# Curious questions to keep studying

What is the average length of the most popular songs (e.g., top 10% popularity)?
Which genres have the fastest 'tempo' and which have the slowest?
Is there any relationship between the popularity of a song and characteristics such as 'valence' (positivity) or 'energy'?
How does acousticness vary between genres? Are there genres that tend to have more acoustic songs?
Can we observe any trends in popularity or other characteristics according to the year of release?

In [1]:
from pyspark.sql import SparkSession
from pyspark.sql.functions import desc, col, isnan, when, count, mean ,stddev, expr

from pyspark.sql.types import StructType, StructField, StringType, DoubleType, DateType, IntegerType

# 1. Create a SparkSession

In [2]:
spark = SparkSession.builder.appName("Spotify Curiosity").getOrCreate()
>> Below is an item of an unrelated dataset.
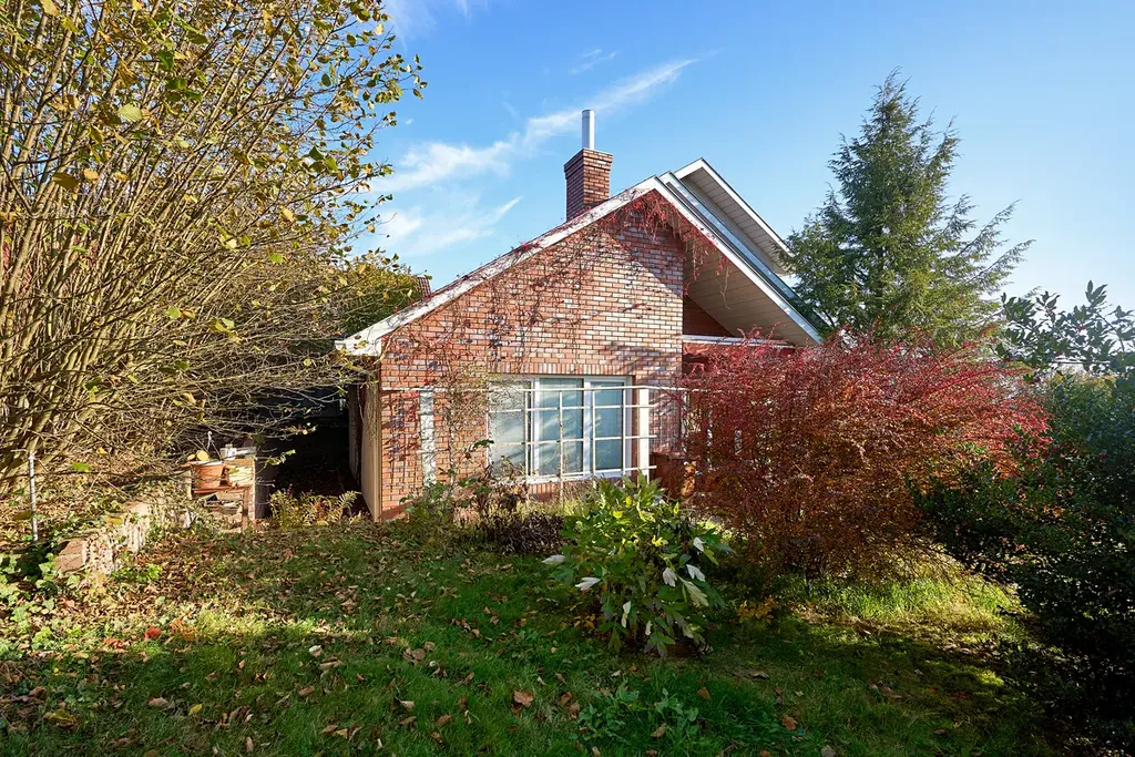 V krásné rozlehlé zahradě je altán a kůlna na nářadí.
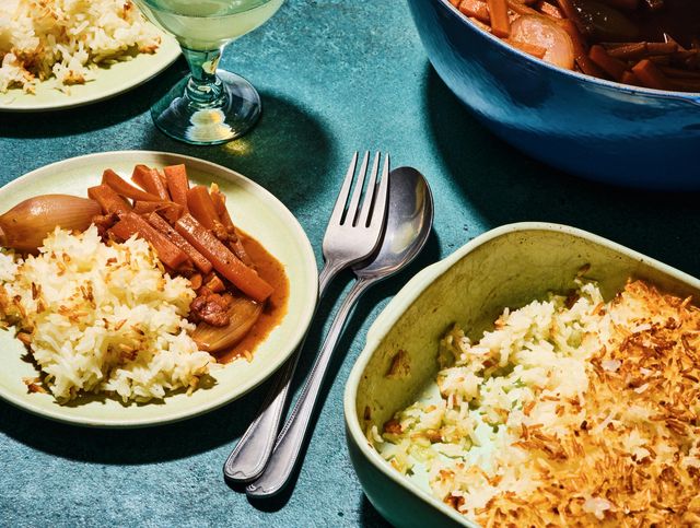 »Manche mögen’s kross. Da empfiehlt sich dieser Reis aus dem Backofen. Er ist knusprig und fluffig zugleich und schmeckt einfach köstlich. Zum Beispiel zu einem intensiven Ragout aus Karotten.«

Setting default log level to "WARN".
To adjust logging level use sc.setLogLevel(newLevel). For SparkR, use setLogLevel(newLevel).
24/11/14 16:45:59 WARN NativeCodeLoader: Unable to load native-hadoop library for your platform... using builtin-java classes where applicable


In [3]:
spark

24/11/14 16:46:13 WARN GarbageCollectionMetrics: To enable non-built-in garbage collector(s) List(G1 Concurrent GC), users should configure it(them) to spark.eventLog.gcMetrics.youngGenerationGarbageCollectors or spark.eventLog.gcMetrics.oldGenerationGarbageCollectors


# 2. Data loading and cleaning¶

In [7]:
# Read CSV file into DataFrame with header
csv_file_path =("./data/spotify_cleaned.csv")
df = spark.read.csv(csv_file_path,header=True,inferSchema=True)

In [8]:
df.printSchema()

root
 |-- name: string (nullable = true)
 |-- artists: string (nullable = true)
 |-- duration_ms: double (nullable = true)
 |-- acousticness: double (nullable = true)
 |-- danceability: double (nullable = true)
 |-- energy: double (nullable = true)
 |-- instrumentalness: double (nullable = true)
 |-- liveness: double (nullable = true)
 |-- loudness: double (nullable = true)
 |-- speechiness: double (nullable = true)
 |-- tempo: double (nullable = true)
 |-- valence: double (nullable = true)
 |-- mode: integer (nullable = true)
 |-- key: integer (nullable = true)
 |-- popularity: integer (nullable = true)
 |-- explicit: integer (nullable = true)
 |-- formatted_date: date (nullable = true)
 |-- tempo_category: string (nullable = true)
 |-- duration_category: string (nullable = true)



In [9]:
popularity_threshold = df.approxQuantile("popularity",[0.9],0.01)[0]

In [None]:
top_songs = df.filter(col("popularity")>= popularity_threshold)
avg_duration_top_songs = top_songs.selectExpr("avg(duration_ms) as avg_duration").collect()[0]["avg_duration"]